The SUV parked a bit further down the lot than Harrow or Gideon had, and as the driver killed the engine and the absurdly loud club beats ceased, out of the passenger’s seat emerged Ianthe, followed shortly after by the more vivacious figure of Coronabeth emerging from the driver’s side. Ianthe was carrying a large carafe of… well, something Harrow was sure to find out about soon enough, and sipping from it. Corona approached the two first and immediately wrapped Gideon into a hug. “Harrow, Gideon, Merry Christmas!” She said. Her coat, unlike her sister’s, was open and the V cut of her dress left her skin open to the elements. She hugged Harrow shortly after, though much more carefully than she had hugged Gideon. Harrow could feel the radiating warmth of Ianthe’s twin’s collarbone against her cheek. Harrow wondered if Coronabeth was remotely bothered by the chill at all.
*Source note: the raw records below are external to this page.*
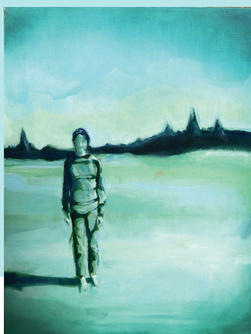
(Upper Left) Boardwalk, (Bottom Left) Mother, (Right) Moustahe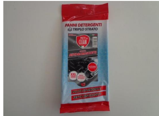
Competitors' products images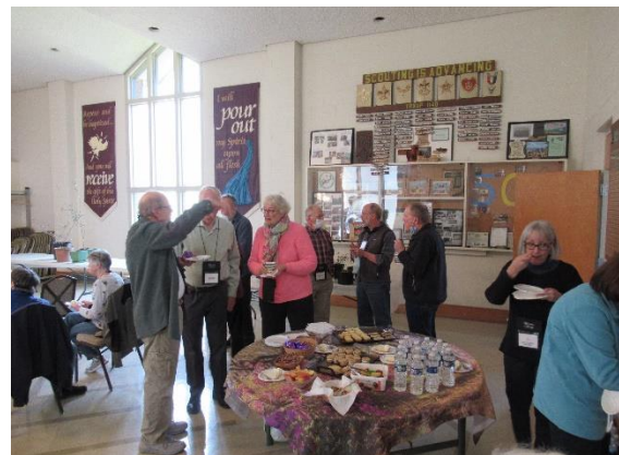
Members socialize before the program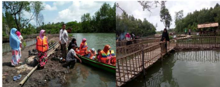
Figure 3. The Area of Rabeng Perpat Permai Belinyu Bangka

The next research locus is Rabeng Perpat Permai tourism area, which is located in the Rabeng area, Belinyu Subdistrict, Bangka Regency. Rabeng itself in the language of the local people means mangrove (mangrove forest) which is a mainstay of this tourism area. The location of this tourism area is around 80 KM from the downtown that is Pangkal Pinang and can be reached by land trip for about 90 minutes. This area is located in the coastal area and is one of the new tourism areas which has been developed by local residents. Interestingly, this area combines mangrove crab fisheries in the form of aquaculture and mangrove conservation. This area is located in the coastal area and is connected by a small river to the sea. The manager of this area has provided a tour package along the river and mangrove to the surrounding islands.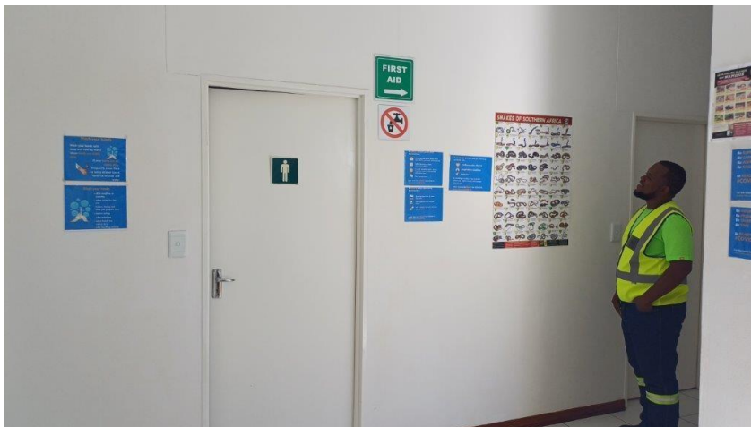
Photo 5 – View of reception area within site office displaying health and safety information and first aid room.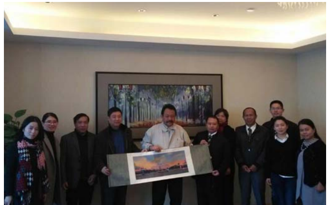
Meeting with ZFIT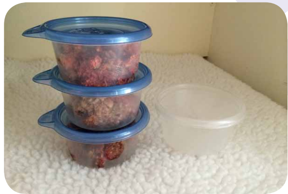
Raw food ready to travel and water dish

Keep the bag with the pup's things easily accessible as you pack the car. It's amazing how often the bag you need most winds up at the bottom of the pile if you don't plan your packing in advance.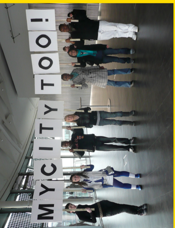
My City Too Ambassadors at City Hall, London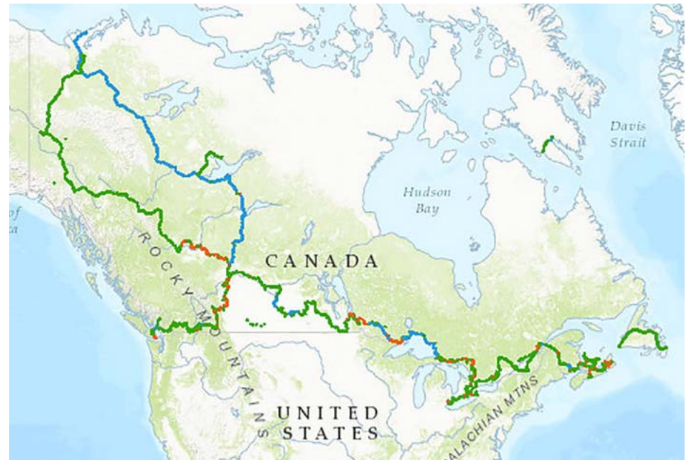
The Great Trail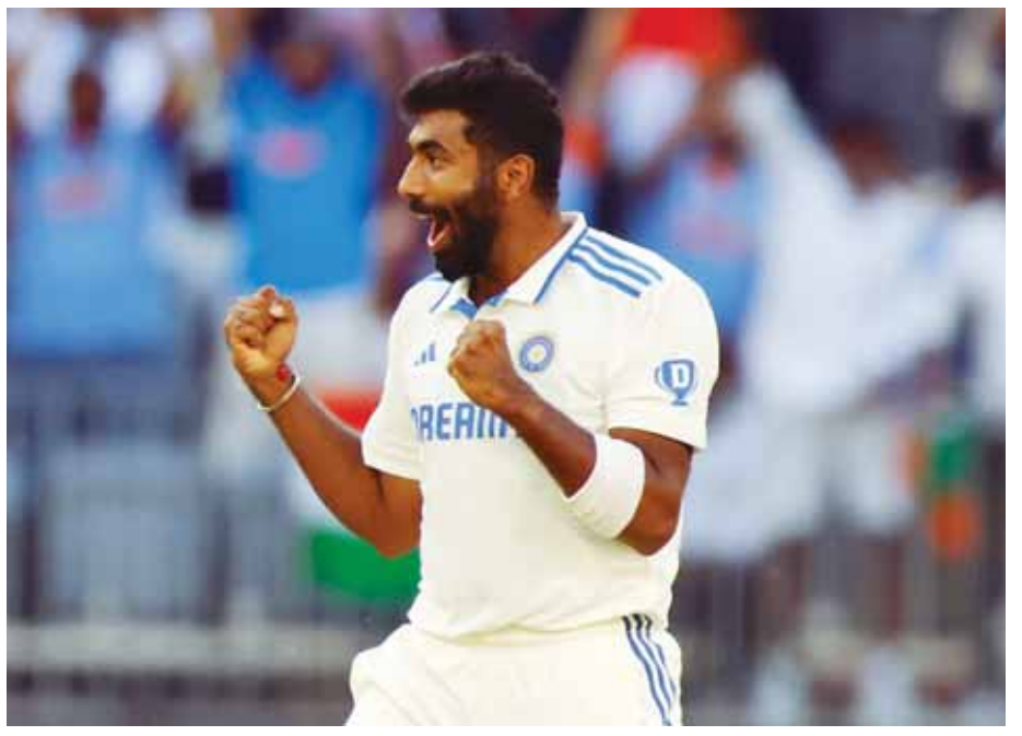
against the best batsmen of his era. "His ability to make it hard for batsmen to score runs with his probing line and length, allied to his guile and determination, made him the champion that he was. Bumrah, though less overtly

surgery already, it is not certain he will have a long career, but if he does, his name will be mentioned in the same breath as the champions above," Chappell wrote in the 'Sydney Morning Herald'. An all-format bowler, Bumrah has reinforced his status as the best bowler in the world several times including when he led India to a 295-run win in the Perth Test recently. "While the legends of yesteryear established the foundations, Bumrah is carving his own legacy - one that promises to inspire future generations of pacemen." The former Australia captain said Bumrah's lethal yorkers and unsettling bounce evoked memories of Lillee's raw aggression on the field. "Lillee was a warrior, combining raw aggression with psychological prowess. I opposed him many times in domestic cricket and watched him from close quarters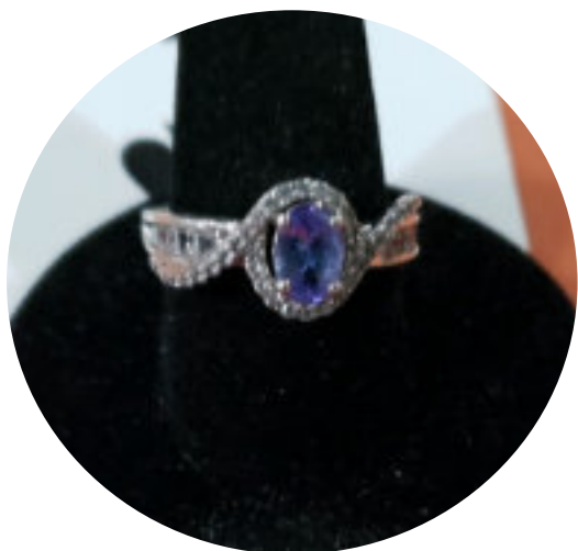
Silver - Silver Amethyst Ring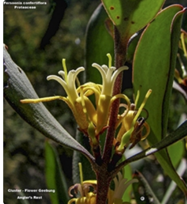
Flower cluster and leaves.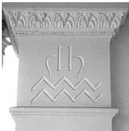
Stylized capitol of south pilaster with double Saturn symbols, signifying the discipline aspect of Aquarian service.

bell-shaped capitols garlanded with acanthus leaves, which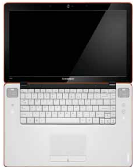
Lenovo IdeaPad Y650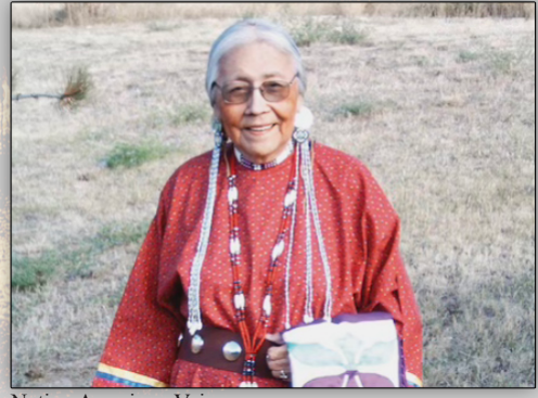
Native American Voices Grandma - (Northern Cheyenne)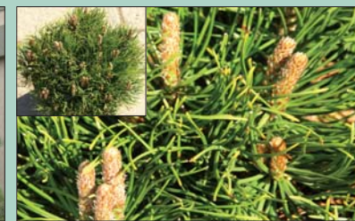
Dwarf Mugho Pine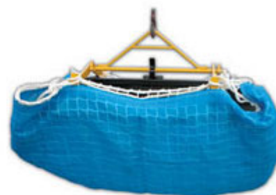
• Protection net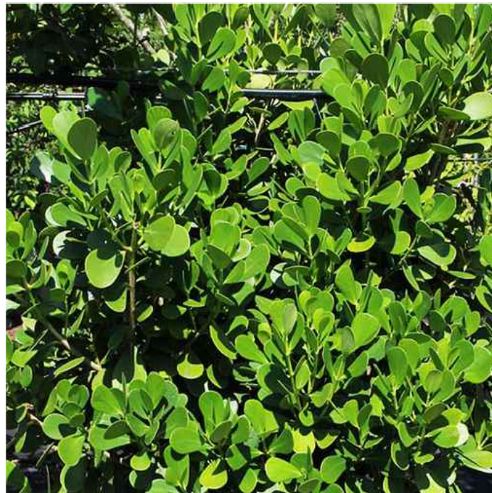
Small Leaf Clusia ( Clusia guttifera ) Height: 4-6 ft Spread: 3-6 ft

“We’ve brought party favors,” announced Ianthe, offered up the Tridentarius logoed carafe in her hand.

Gideon excitedly took it. “Oh hell yeah – Big Pharma’s finest!” She exclaimed, and took a hearty sip before passing the container to Harrow. From the steam, she could tell that whatever lay within was warm, but her trepidation was soothed when she recognized the scents of apples and clove.

The cider was warming and just what she needed to fight off the chill of the winter’s night.

“And who is this scrumptious little one?” Asked Coronabeth, and Gideon happily began introducing her to her new puppy, who took to the larger twin like a fly to a sugar cube. The three of them were running along the roof shortly after – though Corona quite carefully as she was wearing heeled boots, and Harrow was left standing alone beside Ianthe.  

They’d both made their way over to the ledge and looked at the city lights stretched out before them, Ianthe leaning against the snow covered balustrade and Harrow standing beside her. The gloved fingers of Ianthe’s hand gentle brushed against Harrow’s and Harrow twined her fingers within in response, the leather of Ianthe’s gloves soft against her own skin.

“You know,” Ianthe finally said, “for a party with unlimited quantities of expensive wine, it’s amazing how incredibly dull our corporate parties can be. I can barely believe Corona used to beg to go when we were children. If only she’d known.”

“Yes, well. How did you manage to leave?”

“Oh, that was all Corona – it was her turn to suddenly fall ill from some nasty fish she’d eaten earlier that day. For all of her flaws, she’s always been an incredible actress you know. She even made herself start to look green around the gills.”

Harrow stared at her perplexed. “And he just… believed that? You happened to have been ill last year, and now it’s her suffering the same malady?”  

“Oh, whether he believes her or not, he isn’t going to take any chances. Not in front of the larger clients.” Ianthe smiled and it was all teeth. Leaning in closer, she said “I suppose I should thank you. You did give me the final inspiration I needed to leave, after all…”

From the angle, Ianthe’s face was lower than Harrows and she’d have to tilt her head upwards to kiss her. When Harrow didn’t pull away, Ianthe kissed her, and her lips were warm in contrast to the bite of the cold raw breeze that blew against her face.

“I didn’t get you a present,” Harrow said suddenly, and Ianthe’s brows shot up in surprise, “if that was something that you were expecting.” She paused for a moment and then “I am… admittedly not used to this.”

“Well…” Ianthe said, leaving back against the railing, “that certainly makes things simpler. God, I wish I’d have known before hand. I had no idea what to get for you…”

“I was not expecting you to have gotten me anything,” replied Harrow and Ianthe brushed the tips of her fingers against the smaller woman’s lips.

“I’d settled on something less… materialistic,” she’d admitted, a smirk playing at her lips.

Against her fingers, Harrow said “I am all ears, Tridentarius.”

“Well…” Leaning back in to place her mouth against the sensitive skin of her ear, Ianthe told her just what exactly she’d had planned.